Segment Start: DATA EXTRACT
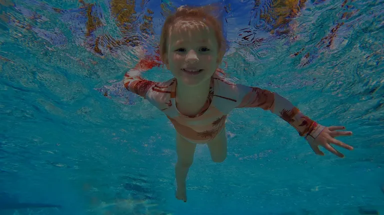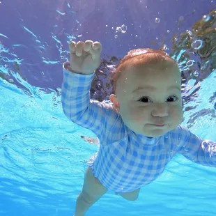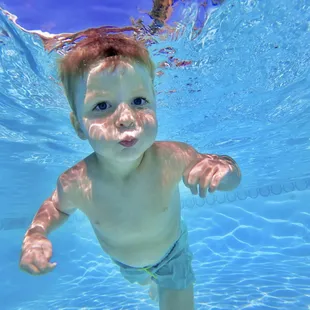 My 1 1/2 year old kicking and swimming to the edge of the pool on his own under water.
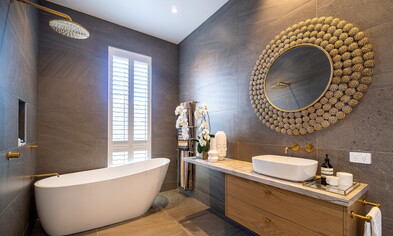 Bathrooms were tiled floor to ceiling to create a complete wet room with no glass divider screen for the shower. Ceilings heights of 2.7 and 3 meters throughout the house give a feeling of space.
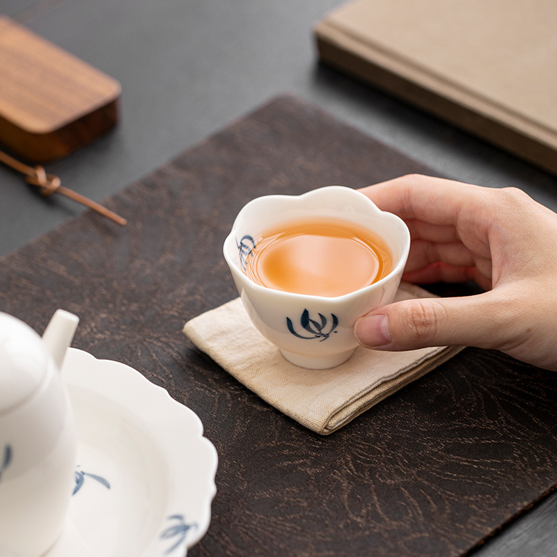 白磁の蘭の公道の杯の工夫の茶器の日本式の手描きの家庭用の熱防止のハイエンドの小さいサイズの茶器はお茶を入れて碗を覆います。
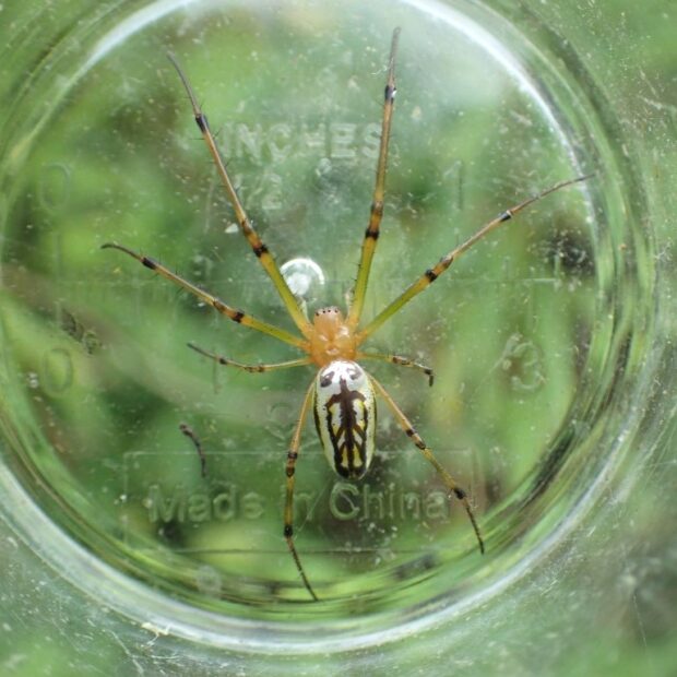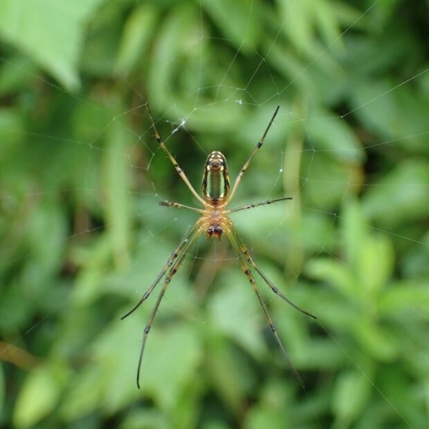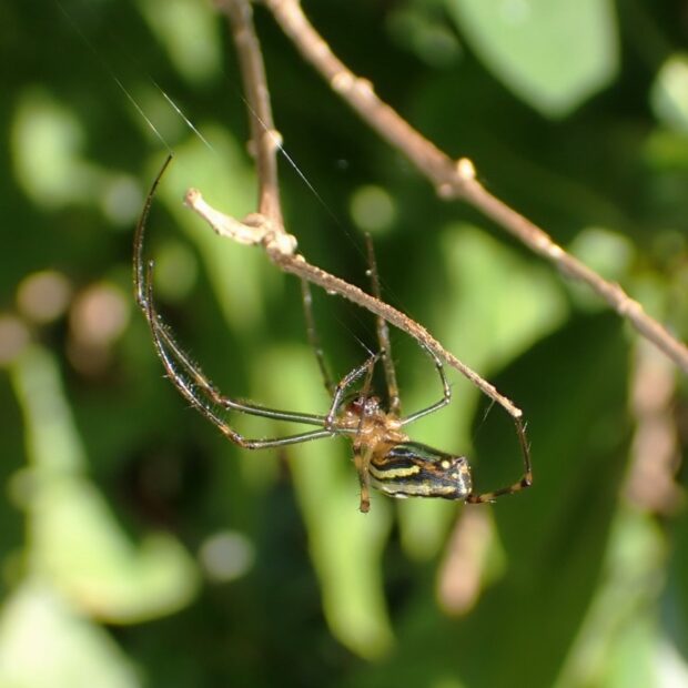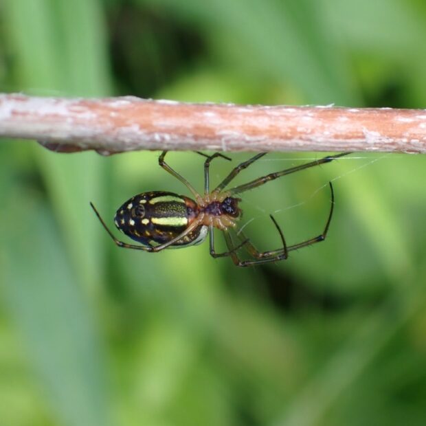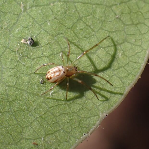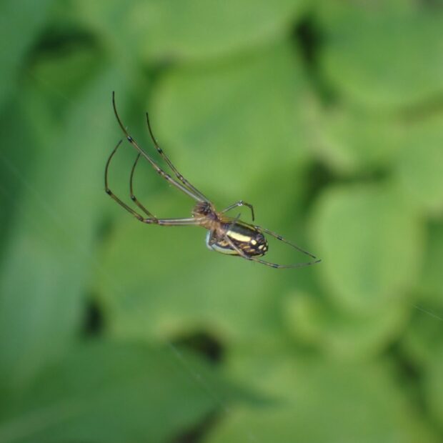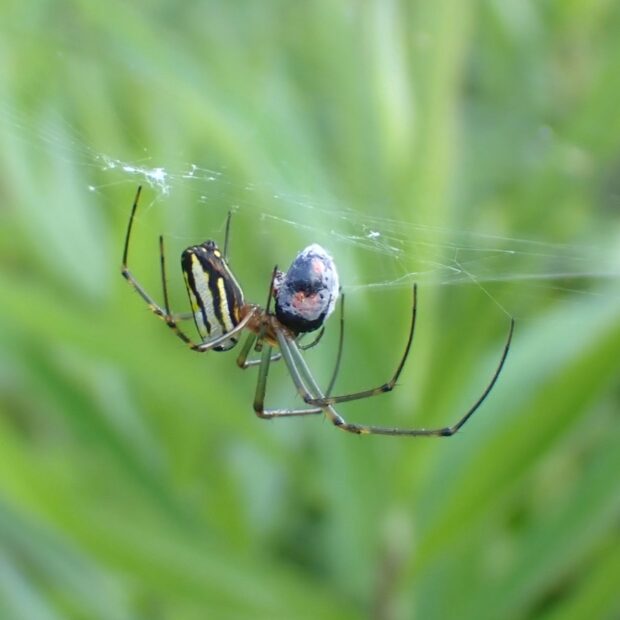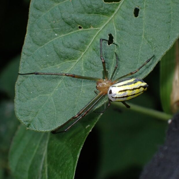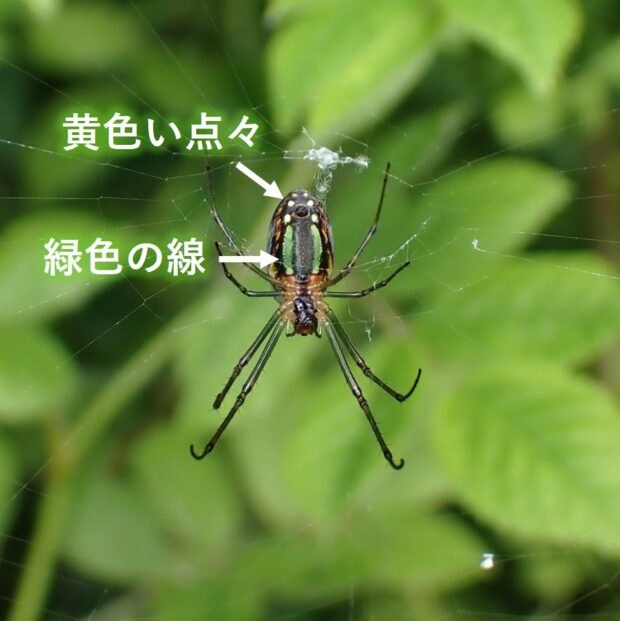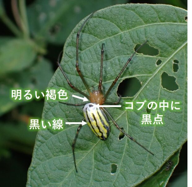 アシナガグモの仲間。 メスは腹部の両肩にコブがあり、 その中に黒点があるのが特徴。 平地~山地に生息し、 草地で見られます。 草の間に斜めに傾いた円網を張ります。 北上している南方系のクモ。
Segment End: DATA EXTRACT
:: WHAT THE TASK ASKS ::
Which lines run from the one containing "白磁の蘭の公道の杯の工夫の茶" to the end of the data above? Set down those lines exactly, and only those, without any pictures.

:: OUTPUT FOR THIS EXERCISE ::
 白磁の蘭の公道の杯の工夫の茶器の日本式の手描きの家庭用の熱防止のハイエンドの小さいサイズの茶器はお茶を入れて碗を覆います。
 アシナガグモの仲間。 メスは腹部の両肩にコブがあり、 その中に黒点があるのが特徴。 平地~山地に生息し、 草地で見られます。 草の間に斜めに傾いた円網を張ります。 北上している南方系のクモ。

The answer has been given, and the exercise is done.